Task brief: Would you print, word for word, only the lines running from the line with "Original crown moldings" to the last line of the entries, without the pictures?

Records for processing:
↓↓↓

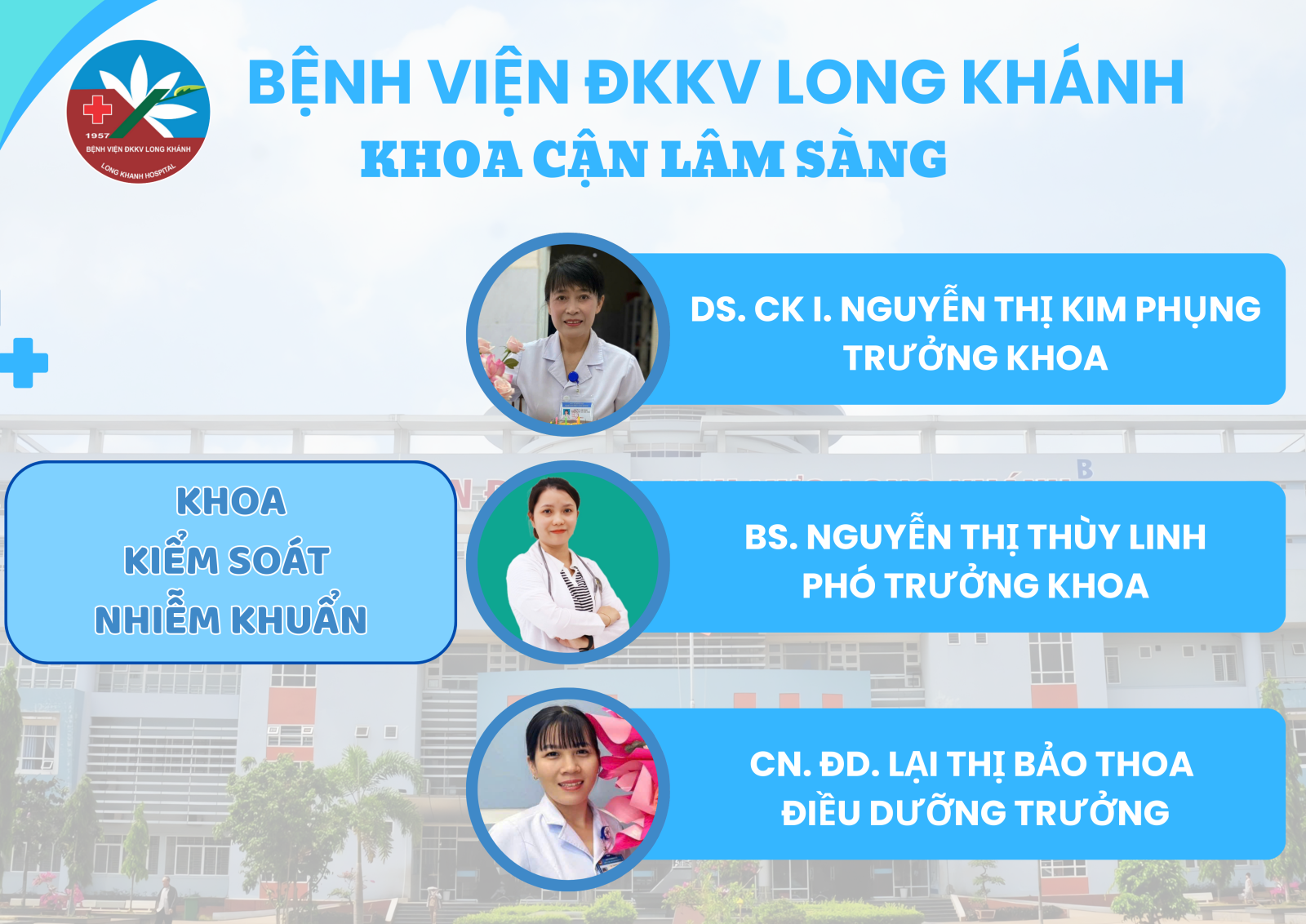 Khoa kiểm soát nhiễm khuẩn là khoa cận lâm sàng. Tổ chức thực hiện, hướng dẫn, giám sát, kiểm tra, công tác kiểm soát nhiễm khuẩn trong toàn Bệnh viện.
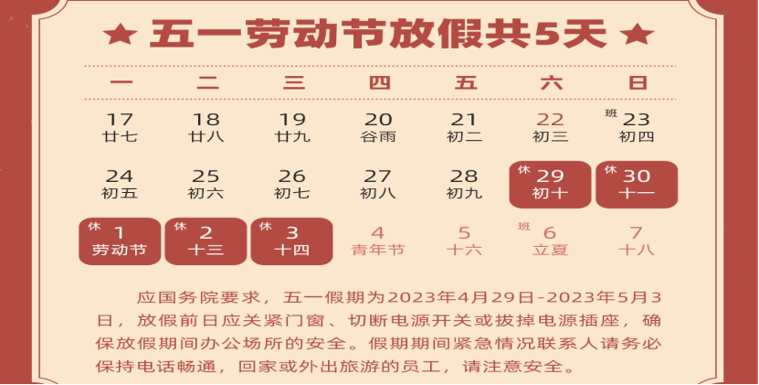 2023年劳动节放假时间为4月29日至5月3日,共5天,湖南高速向广大最光荣的劳动者致敬,预祝司乘朋友“五一”快乐!
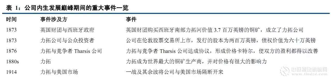 1873年,英國(guó)財(cái)團(tuán)向西班牙政府購(gòu)買(mǎi)了位于西班牙南部力拓河價(jià)值3.7百萬(wàn)英鎊的銅礦,成立了最初的力拓公司。隨后,通過(guò)不斷地?cái)U(kuò)大運(yùn)營(yíng),19世紀(jì)80年代,力拓成為了世界最大的銅礦生產(chǎn)商,產(chǎn)量占到全球銅礦總產(chǎn)量的8%。
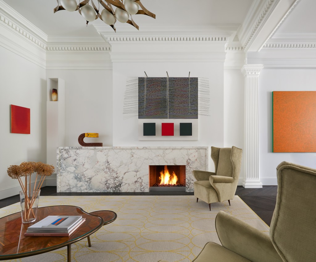 Original crown moldings and robust columns in the main living room, plus wood flooring on the upper floors, were kept and restored, while new elements, such as the asymmetric marble fireplaces and statement lighting features, were added to complement the older details.
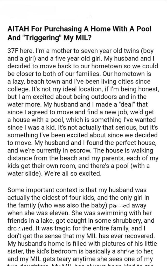 AITAH For Purchasing A Home With A Pool
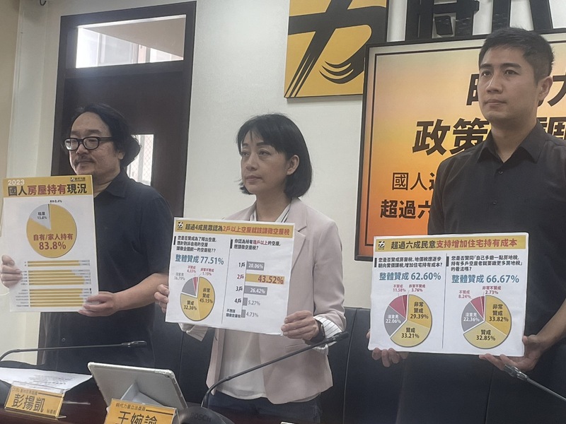 她說,時代力量也針對房地稅議題發起民調,發現逾8成國人普遍支持以空屋稅的方式,將空屋導入房屋市場,並平衡供需需求,但實際狀況是「在台灣擁有一間房屋的成本比擁有車輛還要更低」,導致擁房大戶霸佔房屋不願釋出。
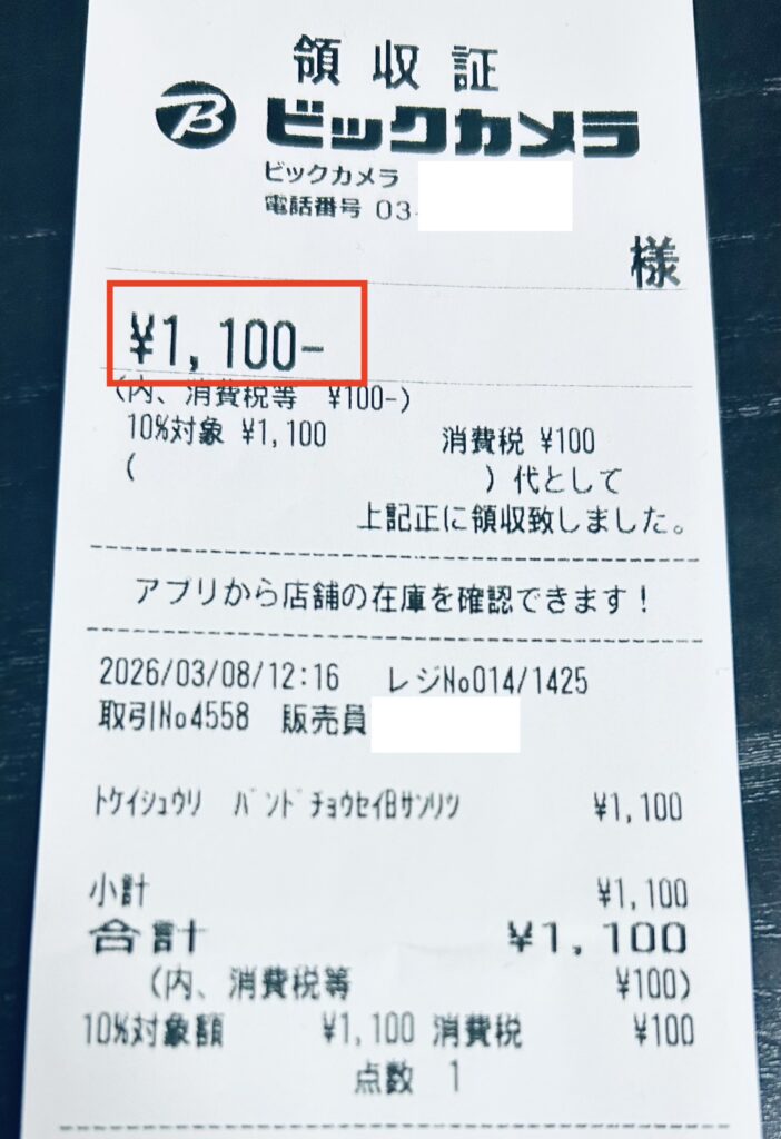 ビックカメラで交換。待ち時間は約30分、1,100円(税込)で対応していただきました。
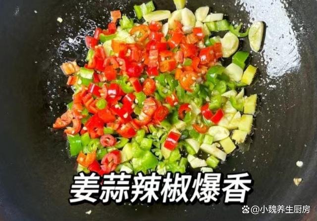 步骤6:锅底继续加上食用油,放入一些泡椒,蒜末和姜末,加上小米辣和青椒圈,迅速爆炒出香味来。
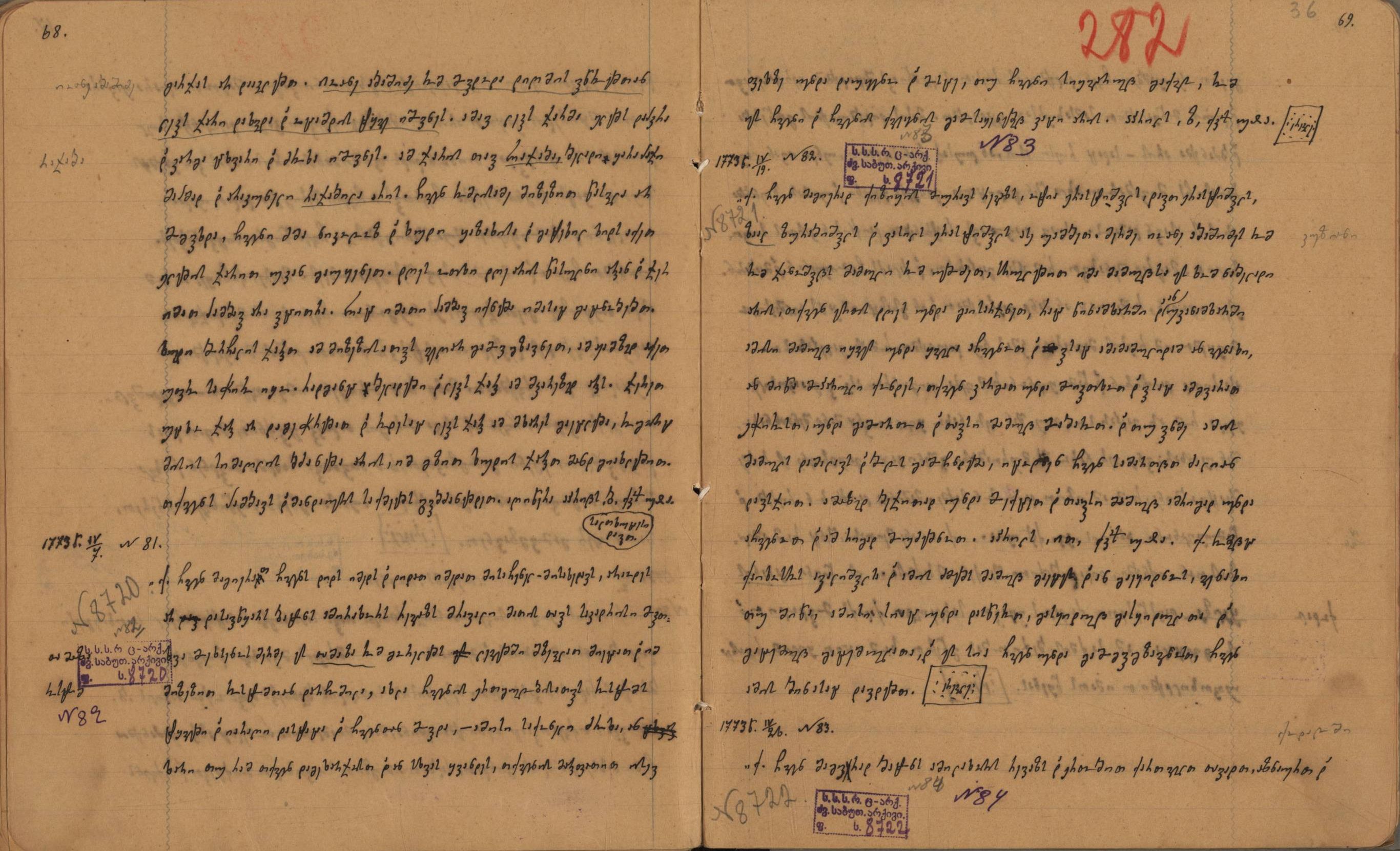 ქაღალდი ყავისფერი, დაწერილი შავი მელნით.

↑↑↑

Response box:
 Original crown moldings and robust columns in the main living room, plus wood flooring on the upper floors, were kept and restored, while new elements, such as the asymmetric marble fireplaces and statement lighting features, were added to complement the older details.
 AITAH For Purchasing A Home With A Pool
 她說,時代力量也針對房地稅議題發起民調,發現逾8成國人普遍支持以空屋稅的方式,將空屋導入房屋市場,並平衡供需需求,但實際狀況是「在台灣擁有一間房屋的成本比擁有車輛還要更低」,導致擁房大戶霸佔房屋不願釋出。
 ビックカメラで交換。待ち時間は約30分、1,100円(税込)で対応していただきました。
 步骤6:锅底继续加上食用油,放入一些泡椒,蒜末和姜末,加上小米辣和青椒圈,迅速爆炒出香味来。
 ქაღალდი ყავისფერი, დაწერილი შავი მელნით.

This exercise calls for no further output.